Source: A&ID Instrument Registry — VVFL Dashboard row (line 151).

Dimension Detail

1. Generator

Field	Value
Input	Diff of generated files against schema definitions
Measurement	Count of incidents where root cause is generator output
Output	`{ dimension: "generator", finding: "...", evidence: { file, line } }`
Routing	Fix the generator, not the generated code

2. Template

Field	Value
Input	plan.json phase ordering, prdRef field, bookend presence
Measurement	Plans with skipped phases, empty prdRef, missing bookends
Output	`{ dimension: "template", finding: "...", evidence: { file, expected, actual } }`
Routing	Update plan template gates in `template.json`

3. Rule

Field	Value
Input	`.claude/rules/` directory vs incidents in rule-covered areas
Measurement	Incidents where a rule exists but wasn't followed
Output	`{ dimension: "rule", finding: "...", evidence: { rule_file, incident } }`
Routing	If recurring: escalate to hook. If ambiguous: rewrite rule for clarity

4. Skill

Field	Value
Input	Skill trigger conditions vs actual invocation count
Measurement	Situations where a skill should have fired but didn't
Output	`{ dimension: "skill", finding: "...", evidence: { skill_name, trigger, missed } }`
Routing	Improve trigger visibility or convert to hook

5. Agent

Field	Value
Input	Agent output files vs declared autonomy scope in agent definition
Measurement	Edits to files outside the agent's declared blast radius
Output	`{ dimension: "agent", finding: "...", evidence: { agent, file, scope } }`
Routing	Tighten agent definition or expand scope with justification

6. Platform

Field	Value
Input	Hook fire count vs violations that reached commit or CI
Measurement	Ratio of caught-at-hook vs escaped-to-CI
Output	`{ dimension: "platform", finding: "...", evidence: { hook, violation } }`
Routing	Add or fix hook. Every CI-caught violation = missing hook

7. Virtue

Field	Value
Input	Historical enforcement tier distribution over time
Measurement	Trend: are more incidents caught by higher tiers (generator, template) vs lower (expertise)?
Output	`{ dimension: "virtue", finding: "...", evidence: { period, distribution } }`
Routing	If flat: enforcement push-up isn't working. Review retrospectives

8. Pattern

Field	Value
Input	Incident history — same error class appearing more than once
Measurement	Count of repeated error classes without structural prevention
Output	`{ dimension: "pattern", finding: "...", evidence: { error_class, count, prevention } }`
Routing	2x = create prevention artifact. 3x = escalate to generator

Audit Output Schema

Every auditor produces findings in this shape. Forward-compatible with Phase 3 receipts.

{
  "dimension": "generator|template|rule|skill|agent|platform|virtue|pattern",
  "severity": "info|warning|critical",
  "finding": "Human-readable description",
  "evidence": {
    "file": "path/to/file",
    "line": 42,
    "expected": "what should be there",
    "actual": "what is there",
  },
  "routing": {
    "action": "fix|escalate|create",
    "target": "path/to/artifact",
    "owner": "role or team",
  },
  "gap_type": "gate-bypass|template-bloat|sequence-violation|interface-drift|demand-absence",
}

Gaps to Dimensions

The five engineering gaps map to dimensions that catch them.

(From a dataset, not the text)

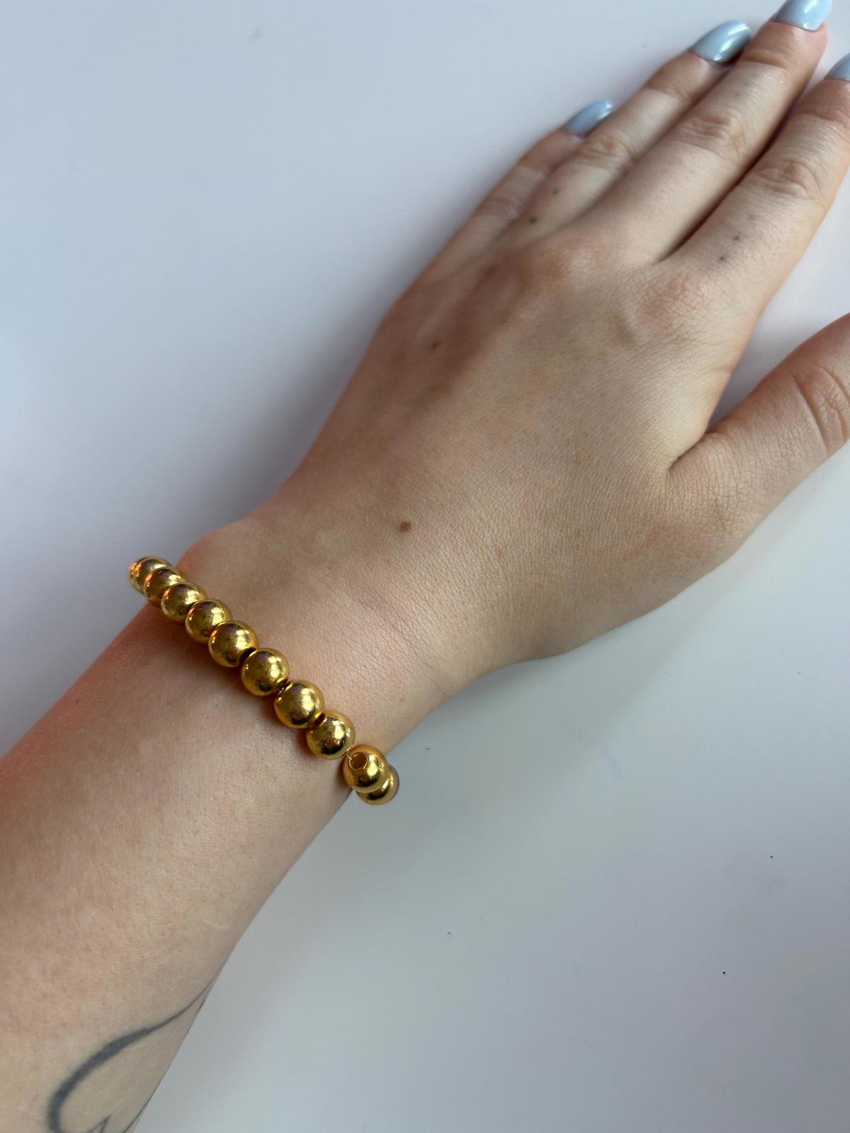 a beaded ring with a striking color scheme, featuring a mix of black and gold beads. The beads are divided into two distinct sections: one half is black, while the other half is gold. The black beads are on the left side of the ring, and the gold beads are on the right side, creating a visually appealing contrast. The overall effect is one of simplicity and elegance, making the ring a stylish and understated accessory.

Gap Type	Primary Dimension	Secondary Dimension	Detection Method
Gate bypass	Template	Rule	Empty prdRef, missing bookends in plan.json
Template bloat	Generator	Template	Mechanical tasks consuming plan slots
Sequence violation	Generator	Template	E2E tests before UI, retrofitted testids
Interface drift	Generator	Pattern	Enum count mismatch across definition sites
Demand absence	Rule	Template	Plan created without prdRef or Tight Five ref

Story Contract

Stories are test contracts. Tests must be RED before implementation starts. GREEN = value delivered.

S1 — Platform auditor reads real hook failures

Trigger: drmg audit --dry-run runs against a repo where .claude/hooks/failure-log.jsonl contains ≥1 failure entry

Checklist:

Output JSON has findings[] with ≥1 entry where dimension: "platform"
evidence.source references failure-log.jsonl (not a hardcoded stub)
severity is warning or critical — not info
Test seeds a real failure-log.jsonl and reads it — hardcoded stub does not pass

Forbidden: Stub returning hardcoded findings passes. Auditor produces findings without reading failure-log.jsonl.

Evidence: integration — drmg/__tests__/story-s1-platform.spec.ts

Commission Result: ⬜ PASS / ⬜ FAIL Notes: (findings)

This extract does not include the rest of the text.